> [Work to complete]: Transcribe, exactly and without pictures, the lines below from the line with "15MR105《城市道路与开放空间低影响开发雨水设施》是海绵城市建设系列国家建筑标准设计图集,2016 年 1" to the line with "研究生的账号由自己注册的,如", both ends included, and no others.

> [Information given]:
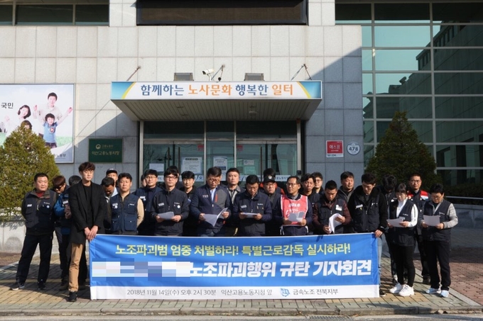 14일 전국금속노동조합 전북지부는 익산고용노동지청 앞에서 기자회견을 열고 “노조파괴행위를 자행하는 A업체에 대해 특별근로감독을 즉각 실시하라”고 촉구했다.
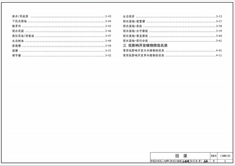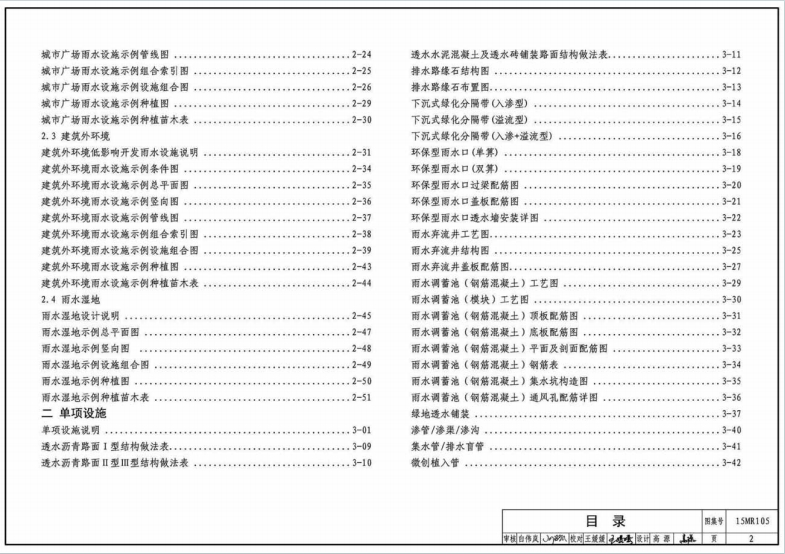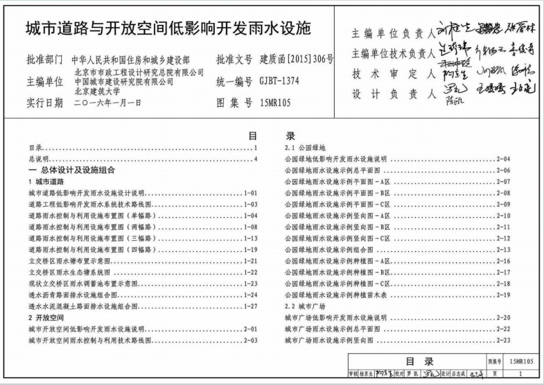 15MR105《城市道路与开放空间低影响开发雨水设施》是海绵城市建设系列国家建筑标准设计图集,2016 年 1 月 1 日起实施,适用于新建、改建、扩建的城市道路与开放空间(公园绿地、城市广场、建筑外环境、雨水湿地)的低影响开发雨水控制与利用工程,为相关设计、施工人员提供标准化指导。
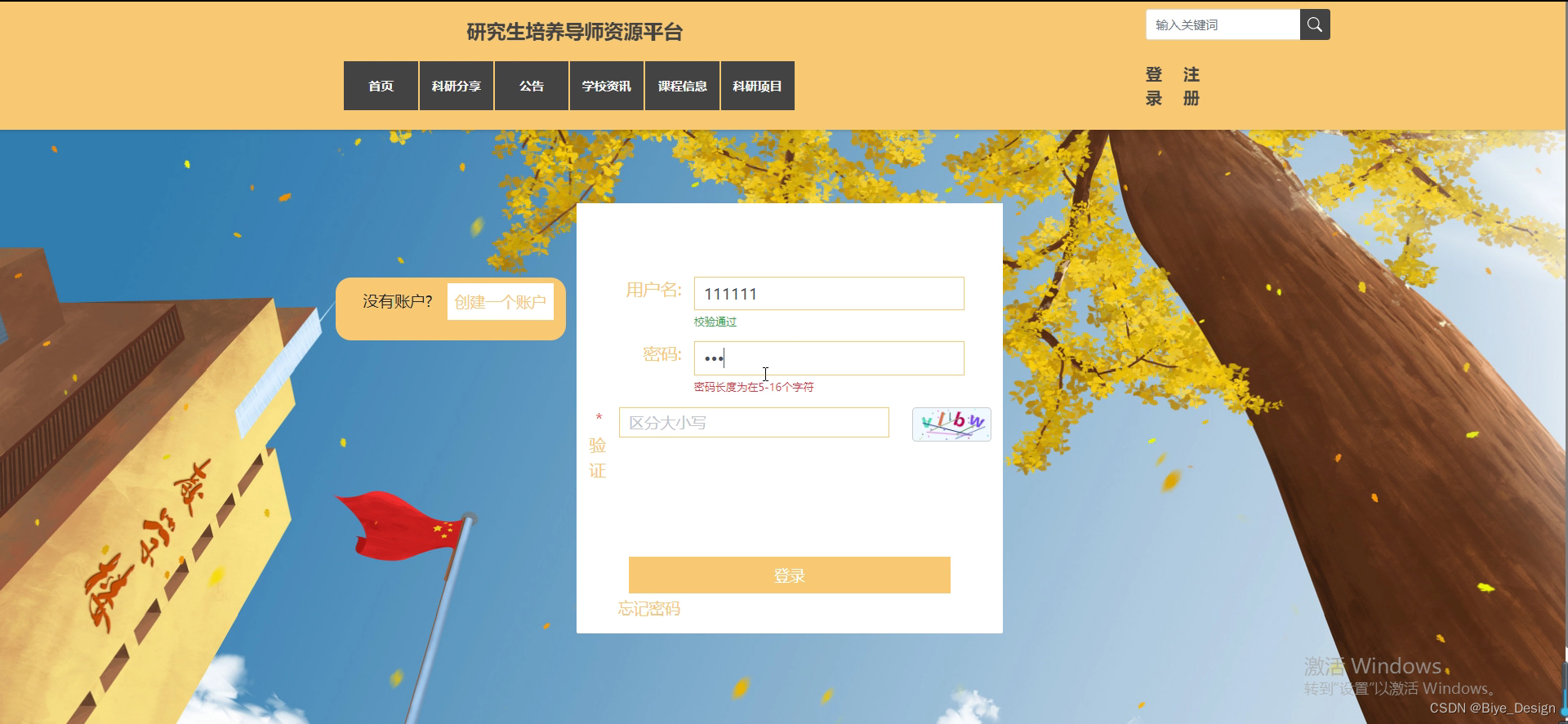 研究生的账号由自己注册的,如果一开始没有账号,可以在登录界面,点击“注册”按钮,然后输入学生的信息,点击注册按钮进行注册,只有注册成功以后,才可以通过账号密码可以登录到系统中,进行相关操作—科研分享、公告以及学校资讯信息查看、课程信息以及科研项目查询、导师论文等。
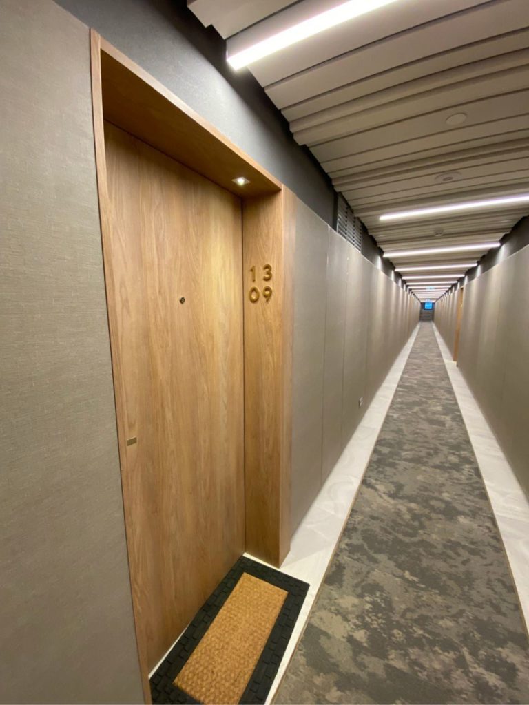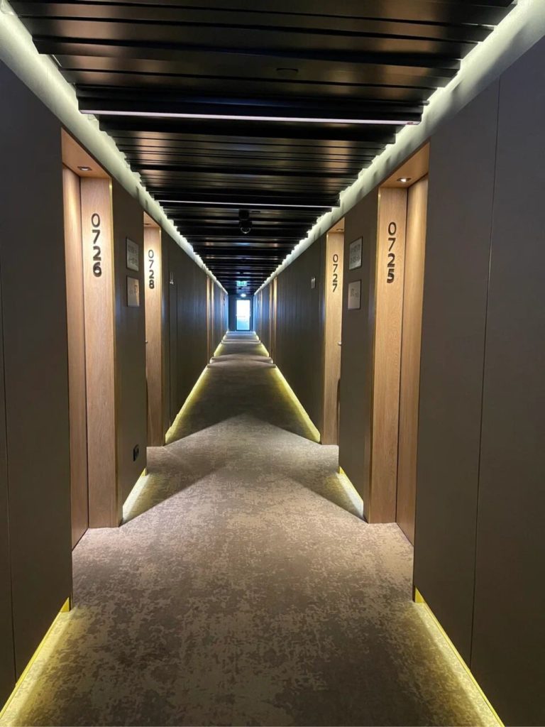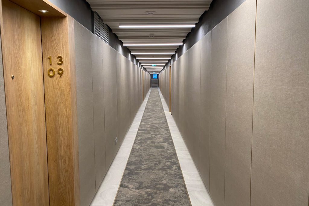 Для данного объекта была разработана система скрытия бытовых комнат, пожарных расчетов и прочих коммуникаций. Отделка велась на всех этажах комплекса, при этом работа самой гостиницы не останавливалась. Срок отделки всех коридоров составил 7 дней.
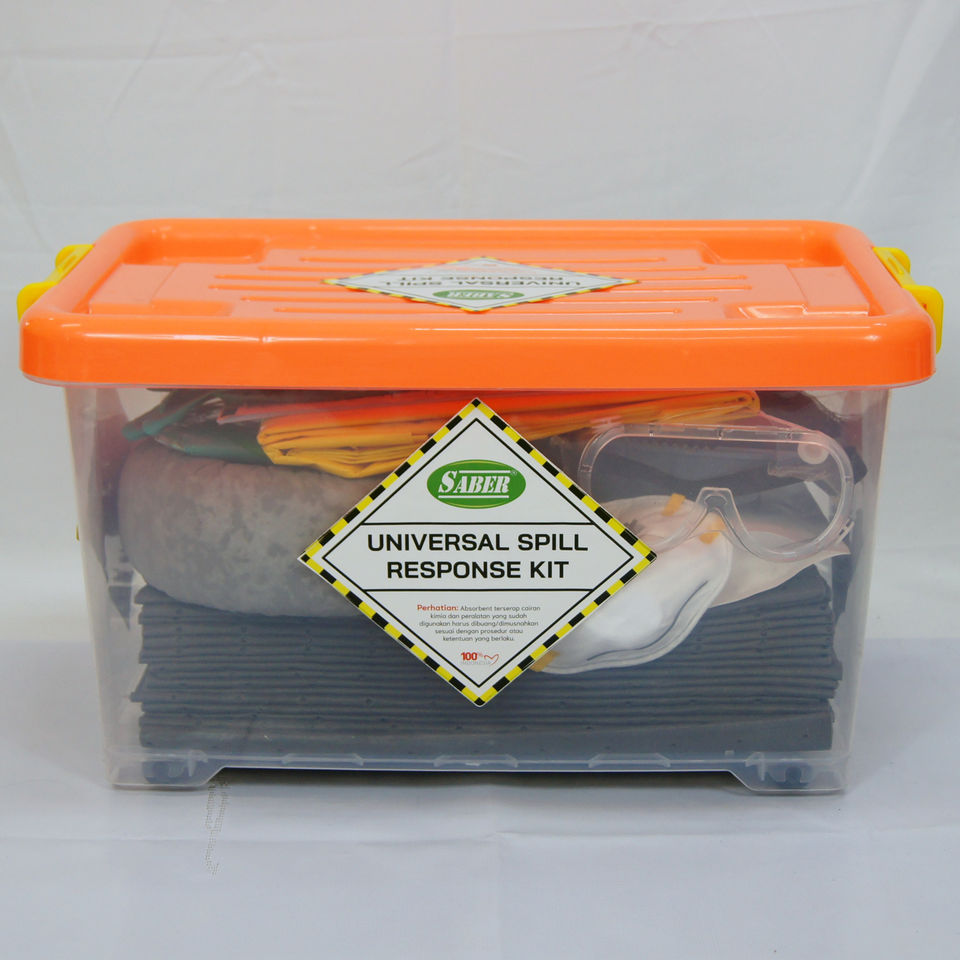 Kit anti-déversement universel Advanced SABER 20 litres avec boîte transparente, robuste et universel pour la protection des drains et les événements en petites pièces
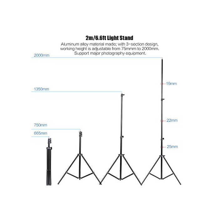 라이트 스탠드는 알루미늄 합금에 만들어집니다,매우 내구성이 있습니다.작업성적이다는 간단하게 조정에 옵니다.높이는 2m까지입니다.cantilever 스틱은,75cm부터 139cm까지 조절 가능하고,조명으로도 편리합니다.
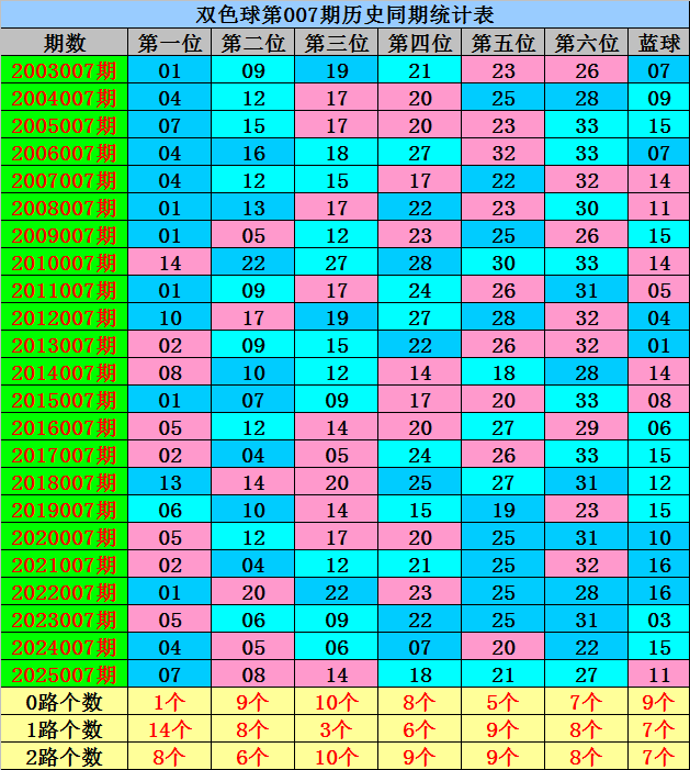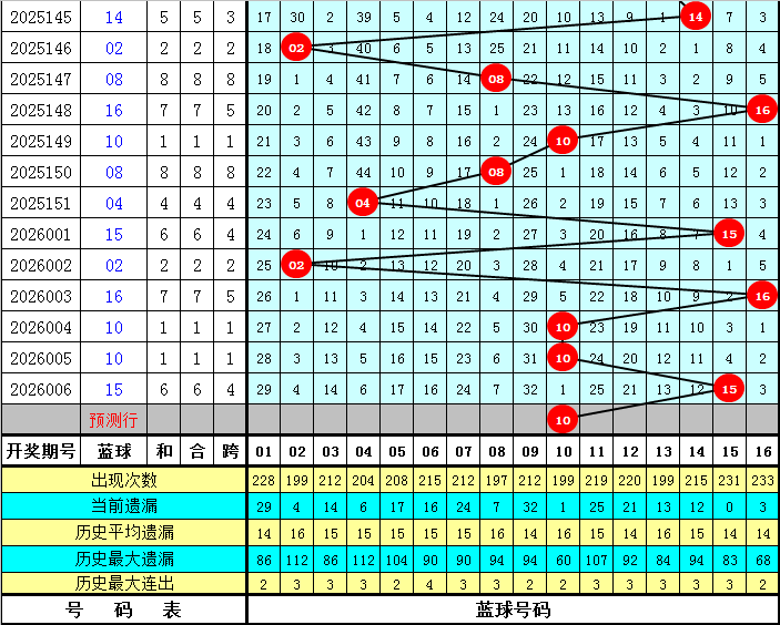 蓝球:历史同期0路号开出:03、06、09、12、15;1路号开出;01、04、07、10、16;2路号开出;05、08、11、14,蓝球012路个数比为9:7:7,当前1路号历史同期轮空3年,今年同期注意1路号出现,参考号码10。
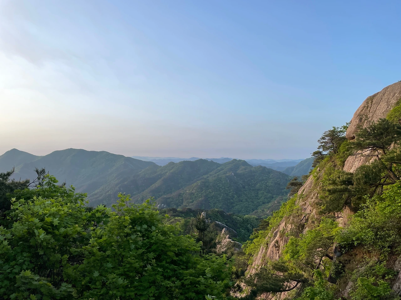 바위를 올라가 뒤를 돌아보았을 때 우리의 산하는 지금껏 고생한 산행의 흔적을 싹 씻는 듯 마음을 확 트이게 했다.
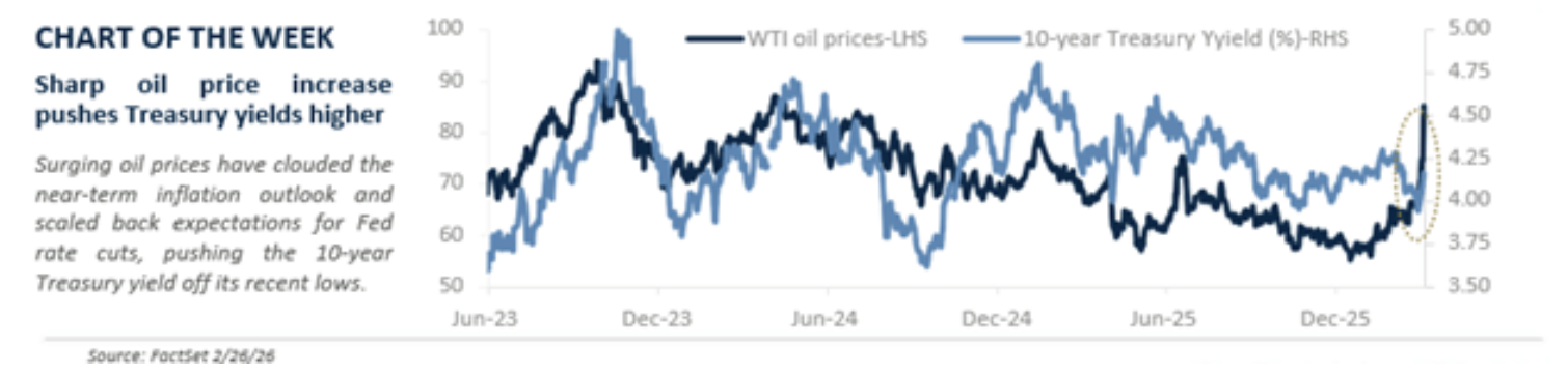 Asset class targets: The conflict has added to market volatility and clouded the near‑term inflation outlook, pressuring risk assets and pushing Treasury yields higher as investors scale back expectations for Fed rate cuts. History suggests, however, that these initial reactions tend to be short- As de‑escalation takes hold, markets typically recover and refocus on fundamentals. With earnings moving higher and the economy continuing to improve, we’re maintaining our 7,250 year‑end target for the S&P 500. Treasury yields have rebounded from recent lows amid higher oil prices, but that move has simply returned yields to their well‑established trading range. With our broader outlook unchanged, we are not revising our 4.25% to 4.50% year‑end target for the 10‑year Treasury yield.
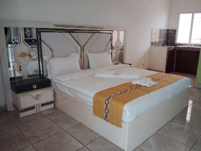 Ce logement moderne, paisible et sécurisé vous assure un séjour agréable que vous soyez en famille, entre amis, en amoureux, entre collègues. Vous pourrez admirer, à travers ses grandes baies vitrées, les magnifiques palmiers et autres plantes vertes qui feront sans doute le plaisir de vos yeux. Un jacuzzi vous offrira un moment de relaxation. Une grande cuisine moderne et toute équipée sera à votre disposition si l'envie de préparer de bon petits plats vous vient.

> [Output for this exercise]:
 15MR105《城市道路与开放空间低影响开发雨水设施》是海绵城市建设系列国家建筑标准设计图集,2016 年 1 月 1 日起实施,适用于新建、改建、扩建的城市道路与开放空间(公园绿地、城市广场、建筑外环境、雨水湿地)的低影响开发雨水控制与利用工程,为相关设计、施工人员提供标准化指导。
 研究生的账号由自己注册的,如果一开始没有账号,可以在登录界面,点击“注册”按钮,然后输入学生的信息,点击注册按钮进行注册,只有注册成功以后,才可以通过账号密码可以登录到系统中,进行相关操作—科研分享、公告以及学校资讯信息查看、课程信息以及科研项目查询、导师论文等。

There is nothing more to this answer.